Banco Master pagou R$ 33 milhões a ex-diretora ligada a Gilmar Mendes, aponta PF

Por Revista Formosa
Documentos de uma auditoria interna realizada pelo Banco Regional de Brasília (BRB) e apreendidos pela Polícia Federal apontam que o Banco Master, controlado pelo empresário Daniel Vorcaro, pagou R$ 33 milhões, em 2024, ao escritório Alves Corrêa, da advogada Dalide Corrêa.
As informações foram divulgadas nesta quinta-feira (17).
Dalide Corrêa já ocupou o cargo de diretora do Instituto Brasileiro de Desenvolvimento, Ensino e Pesquisa (IDP), instituição fundada pelo ministro Gilmar Mendes, do Supremo Tribunal Federal (STF).
Segundo os documentos, o pagamento chamou a atenção dentro de uma auditoria que analisou os gastos do banco com serviços jurídicos.
Master gastou R$ 215 milhões com escritórios
De acordo com o material localizado pela PF, o Banco Master desembolsou R$ 215 milhões com escritórios de advocacia em 2024. O valor representa um aumento expressivo em relação aos R$ 76 milhões registrados no ano anterior.
Entre os maiores pagamentos identificados estão os R$ 40 milhões destinados ao escritório Barci de Moraes, da advogada Viviane Barci de Moraes, esposa do ministro Alexandre de Moraes, e os R$ 33 milhões pagos ao escritório Alves Corrêa, de Dalide Corrêa.
A auditoria apontou que era necessário compreender qual seria o padrão considerado habitual para despesas jurídicas e qual impacto esses valores poderiam representar nas contas do banco. Segundo o documento, a administração do Master não havia informado qual seria o patamar usual desse tipo de gasto.
Advogada foi citada como "canal direto com o STF"
Além dos registros financeiros, a Polícia Federal encontrou conversas entre executivos do Banco Master nas quais Dalide Corrêa é mencionada.
Em uma das mensagens, o diretor financeiro do banco, Ângelo Ribeiro, orienta Alberto Félix, superintendente executivo de Tesouraria, a efetuar um pagamento ao escritório da advogada. Na conversa, a despesa é descrita como relacionada a um "canal direto com o STF".
Apesar da referência encontrada nas mensagens, os diálogos não citam Gilmar Mendes nem outro ministro do Supremo em relação ao pagamento.

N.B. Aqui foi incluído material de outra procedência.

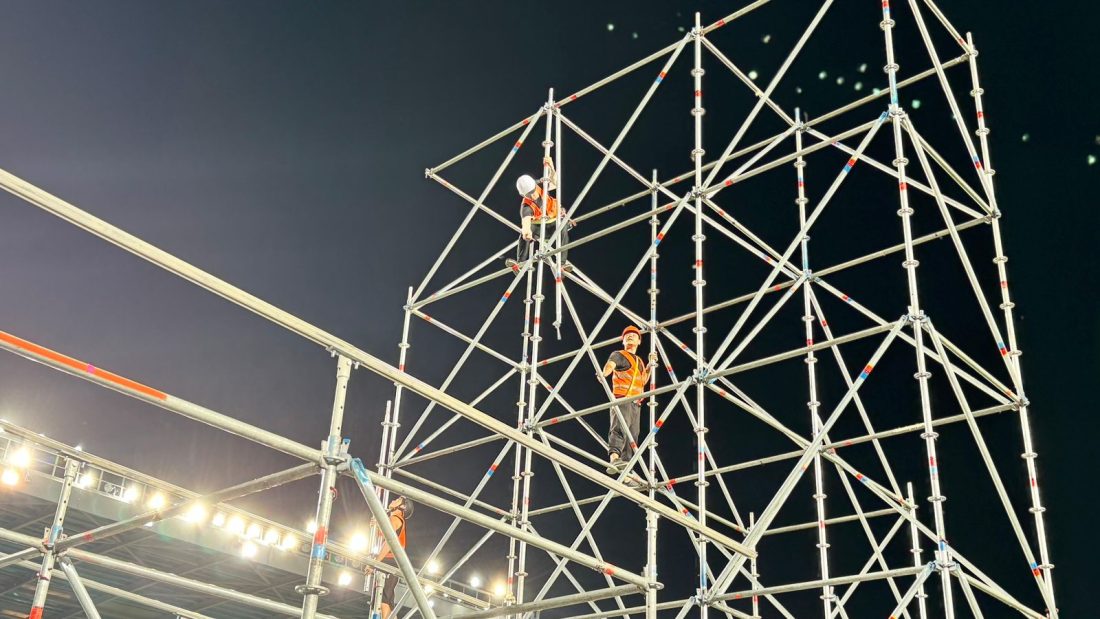 Алаңда халықаралық стандарттарға сай, көпдеңгейлі, ауқымды сахна орнатылуда: тік мұнаралар, көтерілетін платформалар, аса дәл жарық және бейне жүйесі. Қойылымның әр элементі секунд сайын есептеліп, мінсіз жұмыс істеуі үшін әр елден жиналған білікті мамандардың үйлесімді еңбегімен жасалып жатыр.

A PF também não apontou, até o momento, conclusão sobre eventual irregularidade na prestação dos serviços jurídicos contratados pelo Master. Os documentos continuam sendo analisados pelos investigadores.
Dalide Corrêa nega atuação no STF pelo Master
Em manifestação divulgada após a revelação dos documentos, Dalide Corrêa negou ter atuado para o Banco Master no Supremo Tribunal Federal.
A advogada afirmou que não procurou ministros da Corte para tratar de assuntos relacionados ao banco.
Segundo sua versão, seu trabalho esteve restrito a processos judiciais que já eram conduzidos para empresas que venderam créditos ao Master e que posteriormente foram sucedidas pela instituição financeira nas ações.
Ainda de acordo com a defesa, esses processos tramitaram em primeira e segunda instâncias, e não no STF.
Relação com Gilmar Mendes
Dalide Corrêa foi diretora do IDP, instituição fundada por Gilmar Mendes.
Os dois se afastaram em 2017, após desentendimentos relacionados à administração da instituição.
Procurado por meio da assessoria do Supremo, Gilmar Mendes não comentou os documentos.
Pagamento ao escritório da esposa de Alexandre de Moraes
A mesma auditoria também registrou um pagamento de R$ 40 milhões ao escritório Barci de Moraes, ligado à advogada Viviane Barci de Moraes, esposa do ministro Alexandre de Moraes.
Os contratos e pagamentos envolvendo escritórios ligados a pessoas próximas a integrantes do STF passaram a ser analisados no contexto das investigações sobre o Banco Master e Daniel Vorcaro.
O caso faz parte de um conjunto maior de documentos e informações que vieram a público após o levantamento de sigilo de materiais relacionados às investigações do Banco Master.
O STF liberou, em setembro, 25,3 GB de documentos, vídeos e áudios relacionados a diferentes procedimentos envolvendo o caso.